Cover Spotlight is a new weekly feature here on The Arts Shelf that highlights some of literature’s best covers.
I’m so close to finishing Remix and it’s just one of those books that you know is going to stay with you. Non Pratt has such a way with words that you don’t simply get a generic contemporary novel about a girl – in this case two – who falls for someone they shouldn’t, or has a bad break-up. Instead we’re given a rich ensemble cast that populates a story about how the relationships of these two girls affects their friendship; and that’s something I struggle to see, even in YA. Don’t get me wrong, I love soppy romance stories, but it’s refreshing to read something new, told in a constantly switching POV between Kaz and Ruby.
What drew me to buy the book however was not what I’d heard about the story or what I knew about the author. They were of course factors, but in a store filled with hundreds of different books, there’s a lot of competition when it comes to standing out and being bought. What actually drew me to the book was the cover.
For one, yellow is not a typical book cover colour, and the sheer luminosity of the front cover – yellow, orange and fluorescent pink – is enough to capture anyone’s eye. The design lends itself as being a book about a music festival, complete with the raised hands of festival goers in a contrasting blue tone.
The font and layout of the front cover imitates a music poster, while the back is artistically designed to look like a festival leaflet complete with lists of ‘who’s on what stage?’. The whole jacket is far from plain, utilising multiple fonts and highlighting certain words with the use of different colours and images. At brief glance it looks like a festival advertisement rather than a book, and that’s its Unique Selling Point (USP); the reason why people will look. The cover isn’t simply beautiful or artistic, it’s a very clever marketing scheme.
But the element I love the most, having read 248 out of 300 pages, is the way main characters Kaz and Ruby are displayed on the front. Very simply, the image of the two girls lets anyone know with just a quick glance who the main characters are, but more deeply it emphasises their state of mind at the festival. On page 181, Ruby says ‘… all the colour’s drained out of my mood – and as I turn greyer, Kaz grows brighter’. So the cover isn’t simply emphasising the location, the background, of the book. It isn’t simply attracting us to buy it.

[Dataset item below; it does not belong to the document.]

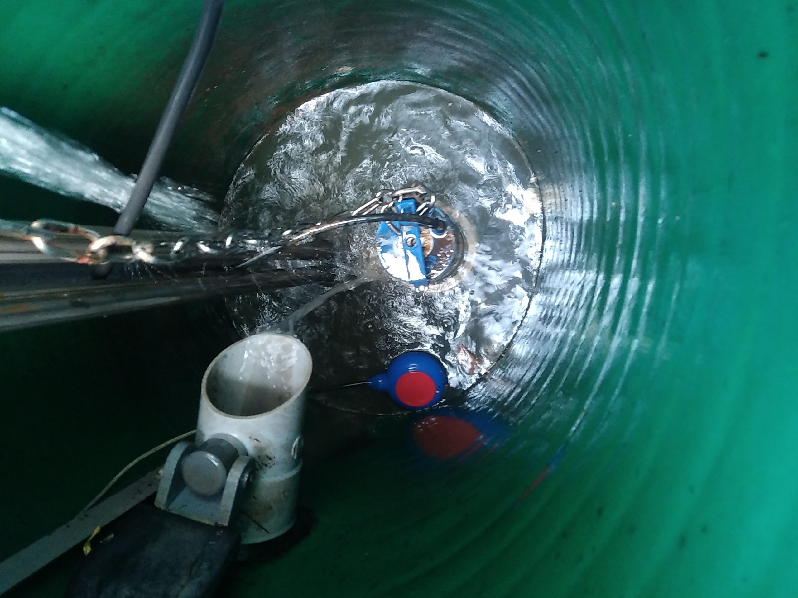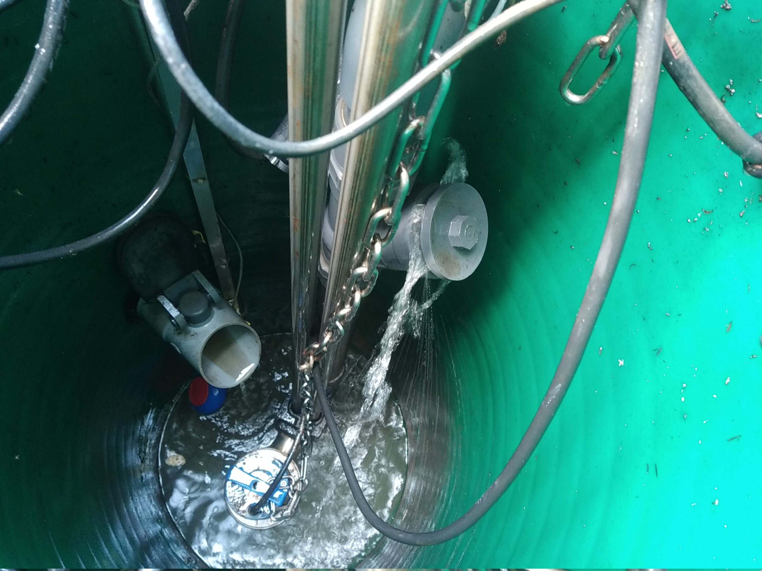 Après 5 minutes de vidange, nous pouvons continuer l’entretien avec l’extraction et le lavage de la pompe FLYGT DELINOX DXV50-7/B, l’extraction et le lavage des flotteurs, et le nettoyage du clapet et de la boule.
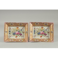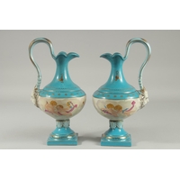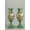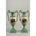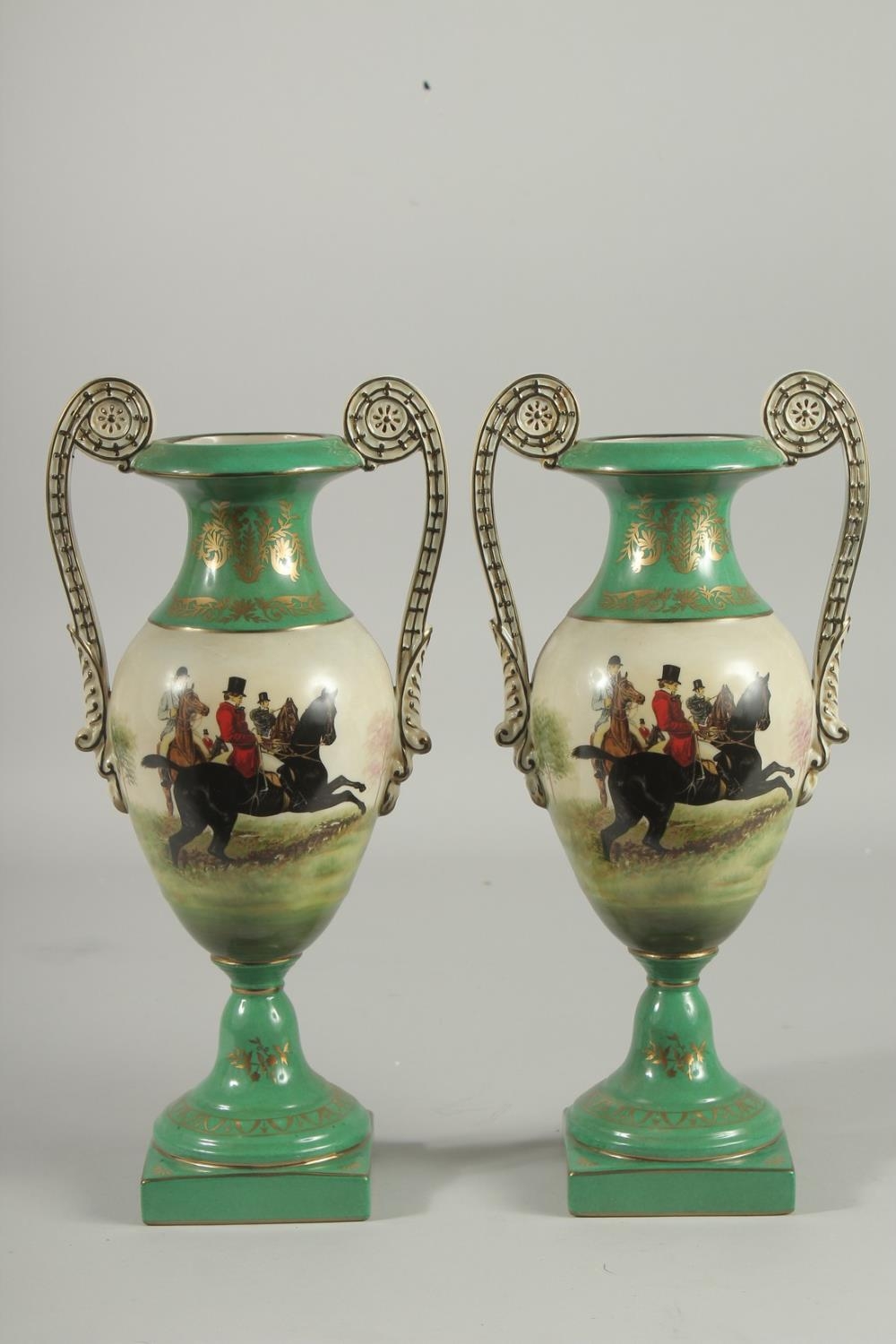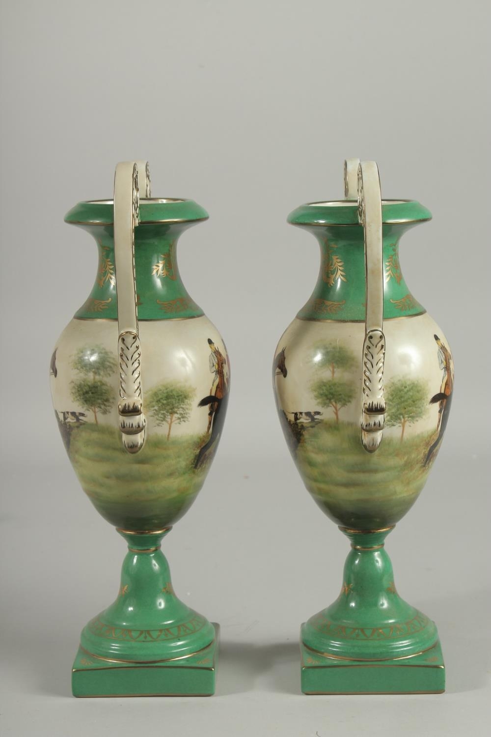 A PAIR OF SEVRES DESIGN TWO HANDLED GREEN HUNTING VASES. 13ins high.

The cover is highlighting – forshadowing – the story; telling us that, in essence, the story is about Ruby losing herself, while Kaz finds herself. It emphasises a suffering friendship, and that this is the dramatic point for which everything else revolves around. This isn’t a story about a boy and a girl.
It’s about two girls, a friendship, and how everything can so easily fall apart in such a short time.